-- How to complete this task --
Retype, exactly and with both ends included, the lines below from the one containing "This is a yellow" through the end; omit the pictures.

*** Information shown ***

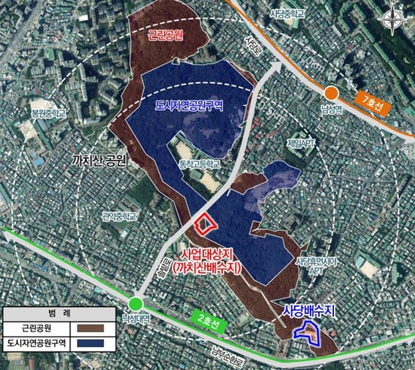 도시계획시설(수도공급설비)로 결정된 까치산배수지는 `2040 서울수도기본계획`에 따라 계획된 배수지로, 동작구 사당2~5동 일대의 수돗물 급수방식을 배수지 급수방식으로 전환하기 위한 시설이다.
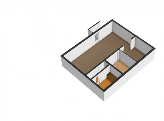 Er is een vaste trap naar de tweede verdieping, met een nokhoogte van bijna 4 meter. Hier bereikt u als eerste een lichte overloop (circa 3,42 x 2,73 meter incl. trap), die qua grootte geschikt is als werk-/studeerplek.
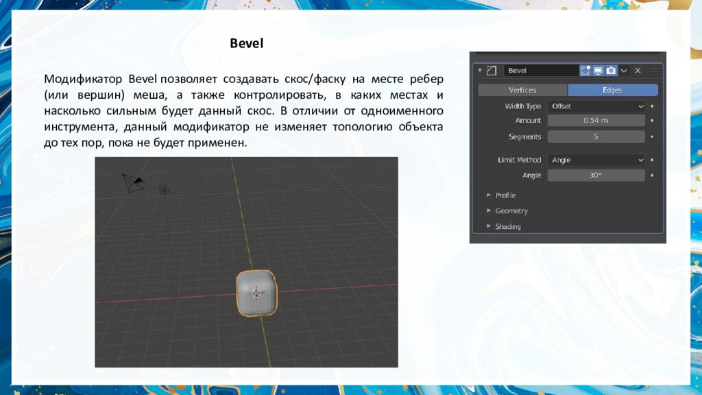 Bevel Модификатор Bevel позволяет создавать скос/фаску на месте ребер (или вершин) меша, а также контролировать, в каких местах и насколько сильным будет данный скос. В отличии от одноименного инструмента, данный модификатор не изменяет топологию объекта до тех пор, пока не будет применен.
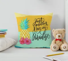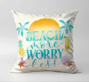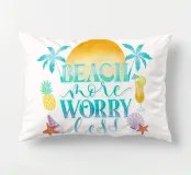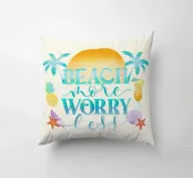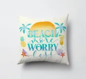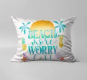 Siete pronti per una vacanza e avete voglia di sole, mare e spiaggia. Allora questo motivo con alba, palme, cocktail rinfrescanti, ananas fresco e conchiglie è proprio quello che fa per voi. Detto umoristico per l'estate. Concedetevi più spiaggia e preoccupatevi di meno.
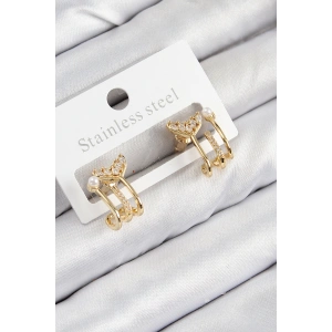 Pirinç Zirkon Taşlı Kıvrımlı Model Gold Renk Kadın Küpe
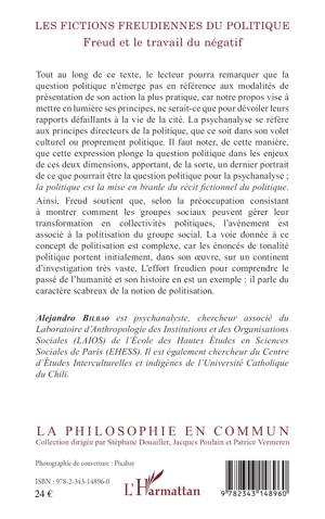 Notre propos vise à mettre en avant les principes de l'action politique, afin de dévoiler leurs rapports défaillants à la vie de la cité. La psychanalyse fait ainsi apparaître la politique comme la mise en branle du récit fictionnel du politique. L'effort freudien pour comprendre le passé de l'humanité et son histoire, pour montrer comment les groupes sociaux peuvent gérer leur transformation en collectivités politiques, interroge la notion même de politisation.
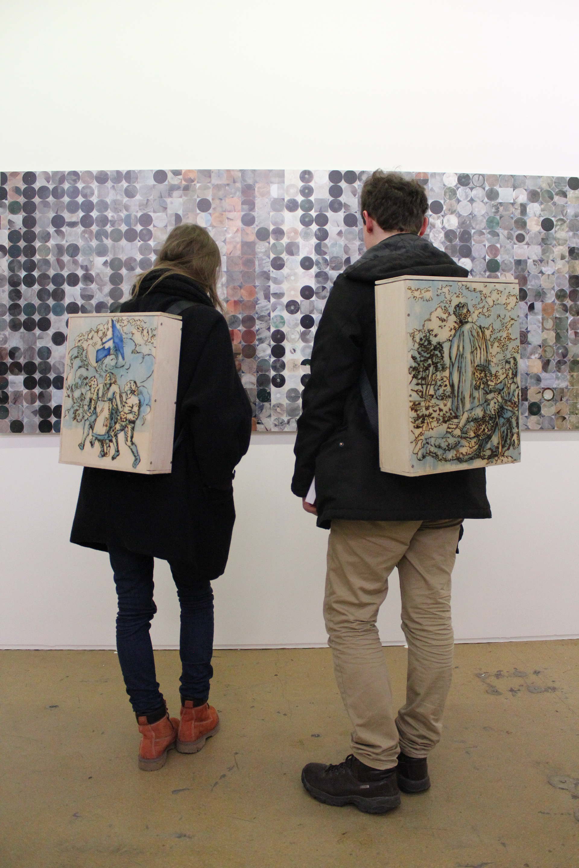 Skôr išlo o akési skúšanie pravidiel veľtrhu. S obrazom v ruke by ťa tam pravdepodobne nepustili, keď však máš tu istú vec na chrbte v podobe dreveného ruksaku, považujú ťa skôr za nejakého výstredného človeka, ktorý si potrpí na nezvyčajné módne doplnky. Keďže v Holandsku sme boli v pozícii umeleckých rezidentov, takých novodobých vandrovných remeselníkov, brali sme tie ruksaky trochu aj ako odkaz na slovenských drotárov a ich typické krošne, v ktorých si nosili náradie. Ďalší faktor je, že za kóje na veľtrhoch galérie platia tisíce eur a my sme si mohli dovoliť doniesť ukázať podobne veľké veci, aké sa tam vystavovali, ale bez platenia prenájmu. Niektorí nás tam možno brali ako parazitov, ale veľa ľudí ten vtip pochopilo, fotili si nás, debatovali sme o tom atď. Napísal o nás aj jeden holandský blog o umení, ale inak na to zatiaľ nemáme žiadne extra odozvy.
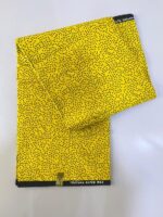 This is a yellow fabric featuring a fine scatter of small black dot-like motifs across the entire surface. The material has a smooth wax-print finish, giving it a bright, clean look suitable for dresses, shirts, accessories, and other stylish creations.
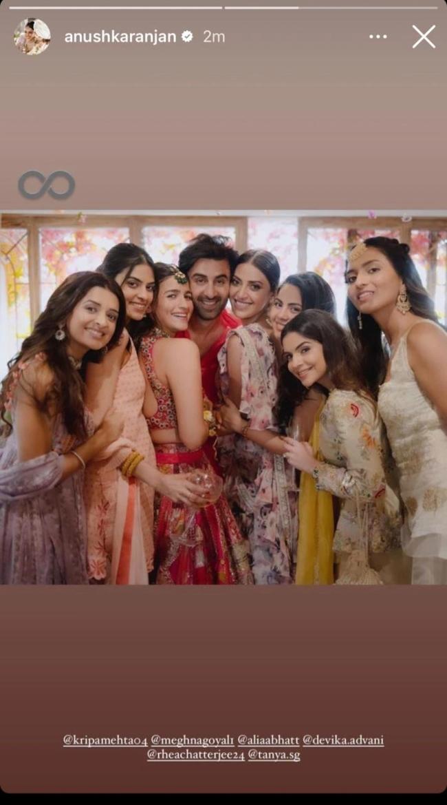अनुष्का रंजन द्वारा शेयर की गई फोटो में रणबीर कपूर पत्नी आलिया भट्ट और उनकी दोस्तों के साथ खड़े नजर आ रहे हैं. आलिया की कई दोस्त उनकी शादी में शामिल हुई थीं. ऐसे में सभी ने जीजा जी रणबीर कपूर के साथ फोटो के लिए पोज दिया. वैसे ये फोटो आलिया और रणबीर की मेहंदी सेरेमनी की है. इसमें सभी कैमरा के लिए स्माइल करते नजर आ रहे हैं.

*** End of Information shown ***

-- The completed task --
 This is a yellow fabric featuring a fine scatter of small black dot-like motifs across the entire surface. The material has a smooth wax-print finish, giving it a bright, clean look suitable for dresses, shirts, accessories, and other stylish creations.
अनुष्का रंजन द्वारा शेयर की गई फोटो में रणबीर कपूर पत्नी आलिया भट्ट और उनकी दोस्तों के साथ खड़े नजर आ रहे हैं. आलिया की कई दोस्त उनकी शादी में शामिल हुई थीं. ऐसे में सभी ने जीजा जी रणबीर कपूर के साथ फोटो के लिए पोज दिया. वैसे ये फोटो आलिया और रणबीर की मेहंदी सेरेमनी की है. इसमें सभी कैमरा के लिए स्माइल करते नजर आ रहे हैं.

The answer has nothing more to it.